Trump Ban, Apple y la diversidad

15 de febrero de 2017 (05:00 CET)

"Nuestra compañía depende de la diversidad con mayúsculas: la diversidad de pensamiento viene dada generalmente si las personas provienen de contextos diferentes". El consejero delegado de Apple, Tim Cook, comentó así el veto a los inmigrantes que impuso Trump.

Seguramente esta opinión la comparten muchas de las 100 mayores empresas estadounidenses que generan más del 46% del PIB como Google, Apple, Facebook, Microsoft, Uber, Tesla, Paypal ...etc.

El miedo a la diversidad y a la globalización no se limita a una reacción en la política. Tiene grandes repercusiones en el mundo de los negocios y las empresas y podría aumentar el resentimiento popular y de los votantes al poder corporativo.

La diversidad es algo más que la raza o el género. Debe incluir ideas, la creatividad, las habilidades, los pensamientos, los antecedentes y las experiencias.

En EEUU, donde conviven y trabajan diferentes nacionalidades, las empresas más exitosas son aquellas que ha tenido el factor cultural como parte de su estrategia y que han incorporado las influencias, prácticas y valores de otras culturas. Las que han permitido a un amplio espectro de personas participar activamente, contribuir y aprovechar su potencial. No solo las multinacionales, cada vez mas pymes tienen cadenas de suministro mundiales o accionistas extranjeros.

La inmigración en EEUU ha experimentado obstáculos conocidos y relegación social de las comunidades, pero muchos han conseguido emprender con éxito y dinamismo en beneficio de la economía de su país de adopción. El 40% de la lista de empresas Fortune 500 fueron fundadas por inmigrantes o sus hijos.

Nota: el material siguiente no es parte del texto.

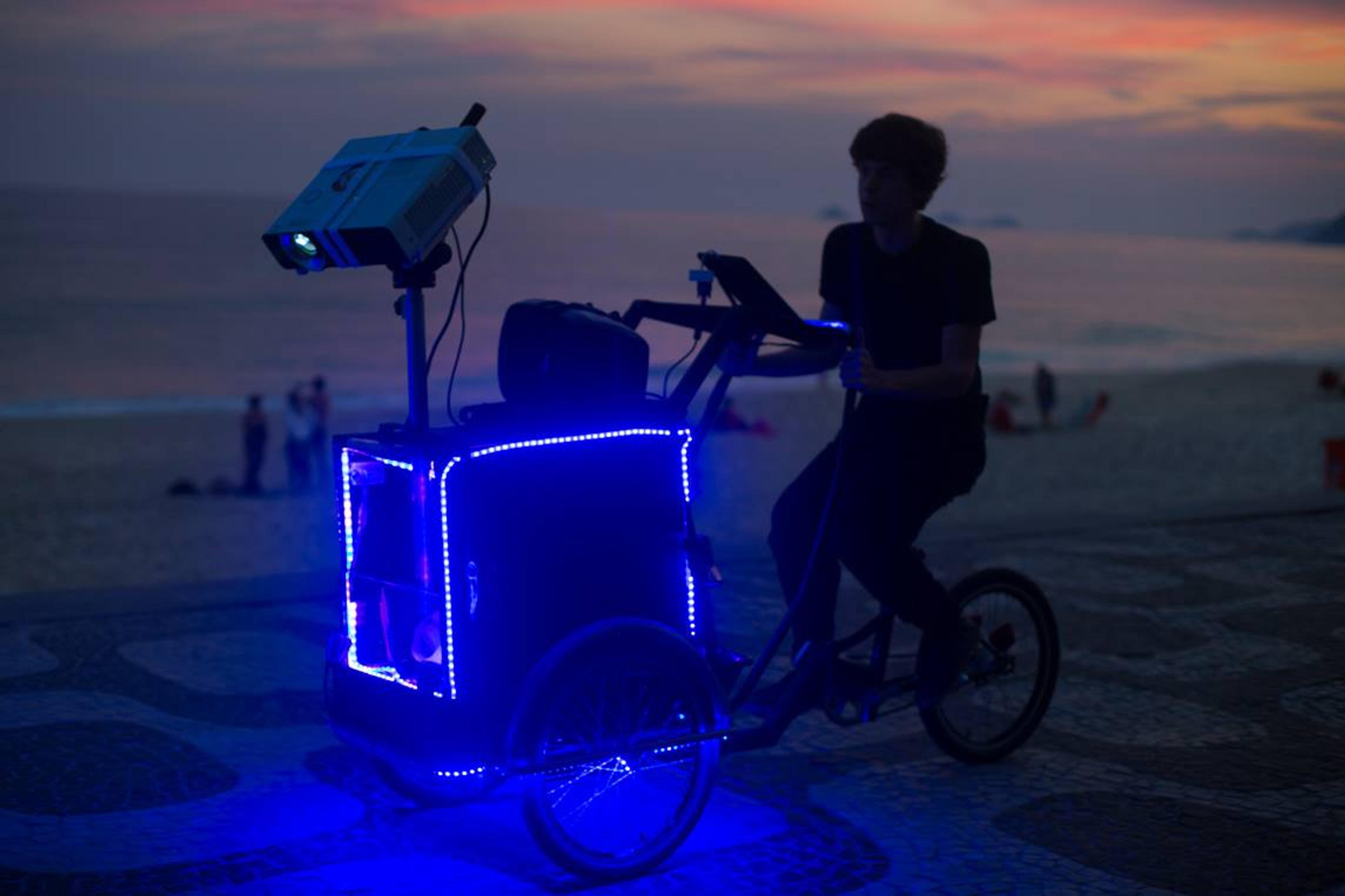 Learn MoreThe two roving nomads of the digital era have fused interactive technology with street art, using custom-fitted tricycles called Suaveciclo” that carry speakers and projector equipment. VJ SUAVE describe their work as “ Digital Graffiti”, created mainly using traditional animation which allows them to edit and play their Whimsical animations in Real-Time. The artist duo have made public artwork that's mobile, interactive, and constantly changing.
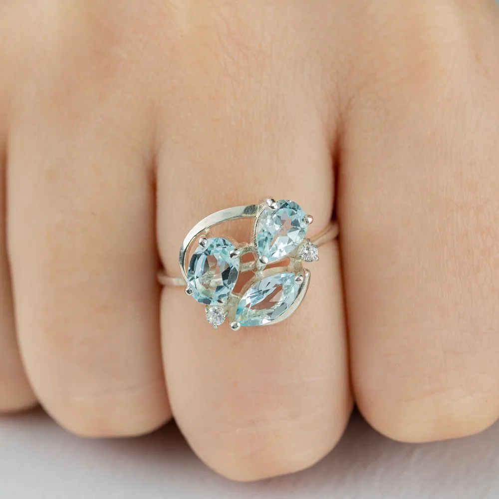 Серебряное кольцо "Фортуна" с натуральным голубым топазом, покрытие Чистое Серебро. Средний вес украшения с камнями 3,16 гр. Месторождение(я) камней: Топаз (Ильменские горы, Россия). Топаз (Натуральный) маркиз: 4*8 мм., средний вес 0,65 карат. Топаз (Натуральный) овал: 5*7 мм., средний вес 0,90 карат. Топаз (Натуральный) груша: 5*7 мм., средний вес 0,80 карат. Циркон белый (Натуральный) круг: 2 мм., средний вес 0,05 карат. Размер лицевой части: 13*15 мм. Все изделия собственного производства и имеют гарантию 12 месяцев. Арт. 6614AG
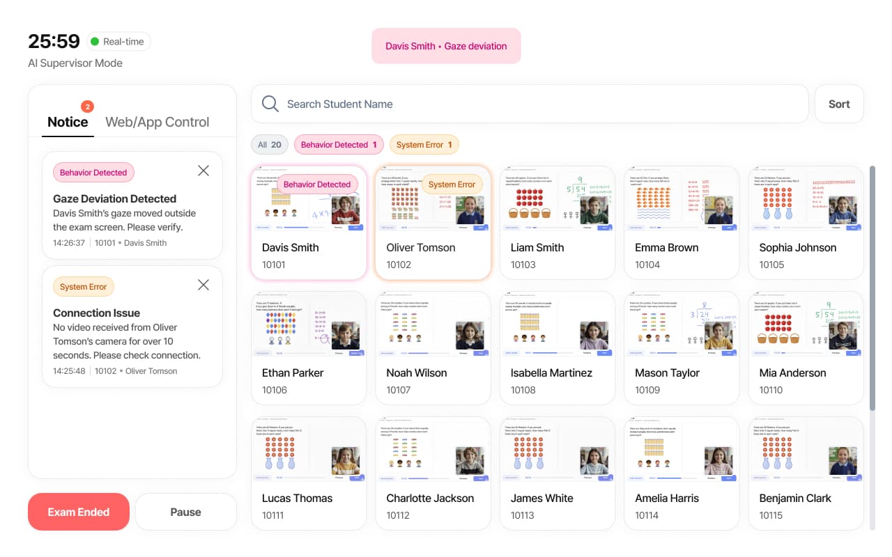 AI ensures a fair test environment. Maintaining integrity in tests, quizzes, and other activities.
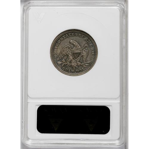 <B>1857-S<25C>--Cleaned--ANACS. AU58 Details.</B></I> Nicely detailed with a hint of friction on each side. The lightly hairlined surfaces are mostly retoned green-brown and plum.
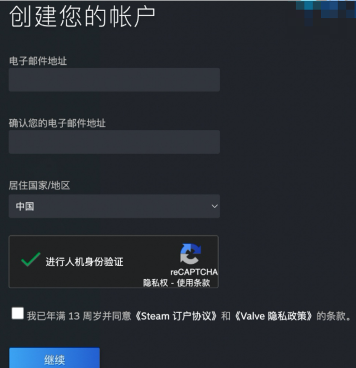 填写邮箱、勾选协议、完成验证码。注:如果IP仍是原地区,Steam 会自动将商店地区设为你的本地。
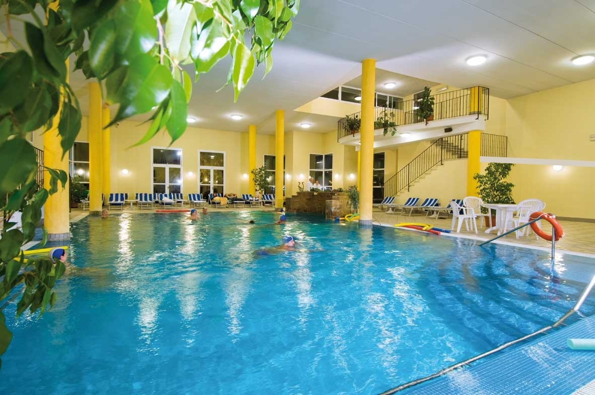 Le due piscine termali coperta e scoperta comunicanti circondate da un ampio parco, Vi permetteranno di trascorrere ore di autentico relax. Potrete utilizzare anche la sauna, la tipica grotta termale, la doccia Kneipp e la palestra. L'ampio e splendido spazio verde in cui esse sono immerse, le palme e la vegetazione da cui sono circondate ne fanno una vera e propria oasi di pace, dove potrete prenderVi cura del Vostro benessere fisico tra giochi d'acqua e idromassaggi alternate a divertenti lezioni di acquagym.

En EEUU, los empresarios inmigrantes crearon el 28,5% de las nuevas empresas en 2014, frente al 25,9% del 2013 y apenas 13,3% en 1996. Además el 25% de las empresas de ingeniería y tecnología fundadas entre 2006 y 2012 tenían al menos un fundador nacido en el extranjero, y en Silicon Valley la cuota se eleva al 43,9%.

Gran parte de la acción política en los últimos años está vinculada a una reacción contra la globalización. El voto Brexit o el ascenso de políticos como Marine Le Pen y Trump, por ejemplo. Un reciente informe estableció un paralelo con la primera gran era de la globalización a finales del siglo XIX o principios del XX, que también dieron lugar a reacciones violentas: asesinatos anarquistas, malestar industrial y restricciones a la inmigración.

En estos tiempos de crisis económica y de identidad, los temas de inmigración y diversidad son particularmente apremiantes. ¿La inmigración enriquece o no? ¿Es fuente adicional de inseguridad? ¿Son las identidades específicas de los migrantes y sus descendientes compatibles con la identidad de la sociedad de acogida?

Las personas con talento se cansan cuando se dan cuenta que el sistema sólo les incluye, pero no los acepta. Para evitar estos problemas, países, organizaciones y empresas tienen que hacer un esfuerzo para incluir plenamente a los empleados en todos los aspectos del trabajo.

La guerra por el talento que se está librando desde hace años, la puede perder EEUU. Muchas empresas globales, tienen dificultades para reclutar a los mejores talentos porque operan una pirámide de pasaportes, leyes y prejuicios.

La diversidad de pensamiento y las experiencias culturales como ha demostrado ayuda en la expansión creativa de las empresas. Un equipo global no solo suma habilidades, está abierto al mundo y sus diferentes talentos aportarán sus valores.

Creará una cultura de trabajo que estimule conversaciones abiertas, que eliminará barreras y muros y producirá mayor impacto en la sociedad. Sumar culturas y capacidades y utilizar esta sinergia en la búsqueda de nuevas soluciones hará crecer nuestras empresas y nuestras sociedades. Más allá de Trump y su pensamiento en blanco y negro, la diversidad se hace más necesaria que nunca en estos tiempos tormentosos, sino se corre el riesgo de empeorar el curso de la historia y de la economía al elegir el bando equivocado.